Seven hundred forty-seven patients in different phases of Ph-positive CML who were treated with imatinib from 1999 until the time of last follow-up were evaluated. Among them, 187 patients had newly diagnosed, early chronic phase CML; 351 patients had chronic phase CML after interferon α (IFN) failure; 133 patients had accelerated phase CML; and 76 patients had blastic phase CML. The imatinib daily dose varied from 400 mg to 800 mg orally, according to the protocol design. Patients were categorized into a group of older patients (age 60 years or older) or younger patients (age younger than 60 years). Their characteristics, responses to therapy, and survival were compared by univariate and multivariate analyses.

RESULTS

One hundred eighty-seven patients had newly diagnosed CML, and 49 patients (26%) were in the older age group. Older patients had similar cytogenetic response rates and survival compared with younger patients. Among 351 patients with late chronic phase CML after IFN failure, 120 patients (34%) were in the older age group. Although the older patients had a lower incidence of achievement of complete cytogenetic response (Ph, 0%) by univariate analysis (56% vs. 44%; P = 0.05), age was not found to be an independent poor prognostic factor in the multivariate analysis. Similarly, older age was not an adverse poor prognostic factor for survival. Forty-two of 133 patients (32%) with accelerated phase CML were older. The incidence of any cytogenetic response was lower in older patients (53% vs. 33%; P = 0.04), but age was not significant in the multivariate analysis. Older patients also had a trend toward worse survival (P = 0.09) that was not significant in the multivariate analysis. Twenty-eight of 76 patients (37%) evaluated in blastic phase were older. Older age was not a significant prognostic factor either for achieving response or for survival.

CONCLUSIONS

With imatinib therapy, older age appears to have lost much of its prognostic relevance. This suggests that the previous poor prognosis observed with older age was related to treatment-associated factors (e.g., toxicity with allogeneic transplantation or with IFN therapy) rather than to an intrinsic, different disease biology of CML in older patients. Cancer 2003;98:1105–13. © 2003 American Cancer Society.

DOI 10.1002/cncr.11629

Older age has been a consistent poor prognostic factor in patients with Philadelphia (Ph) chromosome-positive chronic myelogenous leukemia (CML) and has been incorporated into most multivariate-derived prognostic models.1–5 The poor prognostic effect of old age has been persistent across different therapies, including busulfan, hydroxyurea, interferon-α (IFN), and allogeneic stem cell transplantation (SCT), although the reasons for its prognostic effect may differ.

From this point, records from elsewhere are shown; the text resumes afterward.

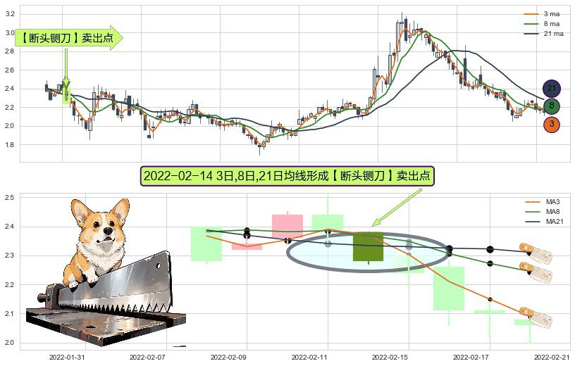 ⚀ 2022-02-14日显现 3日-8日-21日均线 【断头铡刀】卖出点 看空信号,后市看跌,卖出
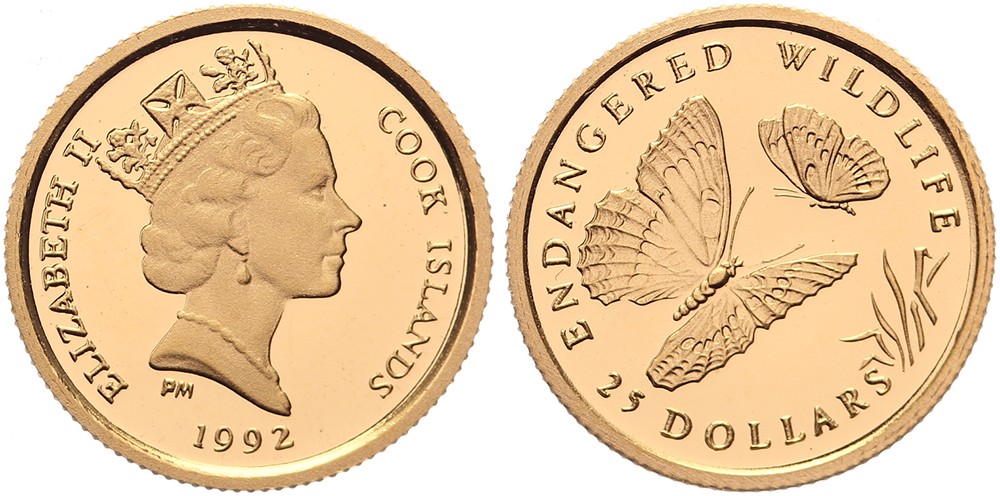 25 Dollars 1992 Butterfly. Fr. -; KM 243. Au999. Proof.
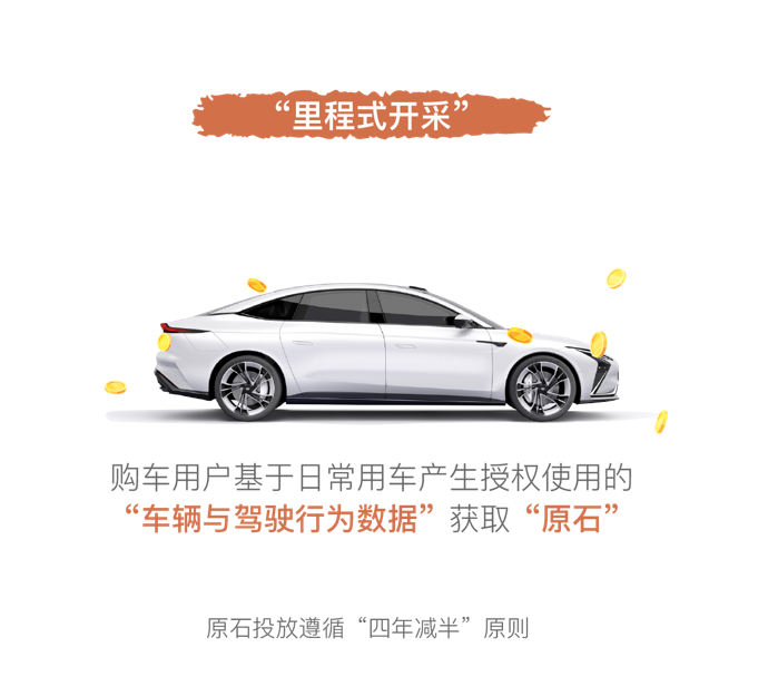 Ÿ 里程式开采:购车用户基于日常用车产生授权使用的“车辆与驾驶行为数据”获取“原石”。车主从开始驾驶车辆的那一刻起,就已开启了“里程式开采”模式。在车辆使用过程中,基于先进的智能合约技术,原石将以一个约定的速度随机掉落。该部分“原石”占总量70%,原石产出将遵循“四年减半”原则。

With allogeneic SCT, for example, a poor prognosis with older age may be due primarily to transplantation-related mortality, which is significantly higher in older patients regardless of the underlying disease.6–8 Older patients have significantly worse side effects with IFN therapy; thus, their poor prognosis may be due at least in part to poor treatment tolerance and inadequate treatment delivery.9 It is noteworthy that the median age in the IFN studies was 45–50 years,10–12 significantly younger than the median age of 55 years in the imatinib mesylate studies (Gleevec; imatinib; STI571 [Novartis, East Hanover, NJ]),13–20 or the median age of 67 years in the Surveillance, Epidemiology, and End Results Program data.21 Thus, the prognostic effect of older age in these studies may not reflect a universal effect in the CML population. Older patients tolerate hydroxyurea and busulfan as well as younger patients. Therefore, their poorer prognosis may be attributed to several factors: lack of adjustment of survival data for disease specific mortality; a different biology of CML in older patients (that may be reflected in a higher incidence of other poor prognostic features, e.g., more aggressive disease); a delayed diagnosis in older patients who may then present with more morbidity and tumor burden; comorbid, age-related conditions; or poorer compliance or less frequent follow-up or medical attention provided to older patients, which may compromise their care delivery.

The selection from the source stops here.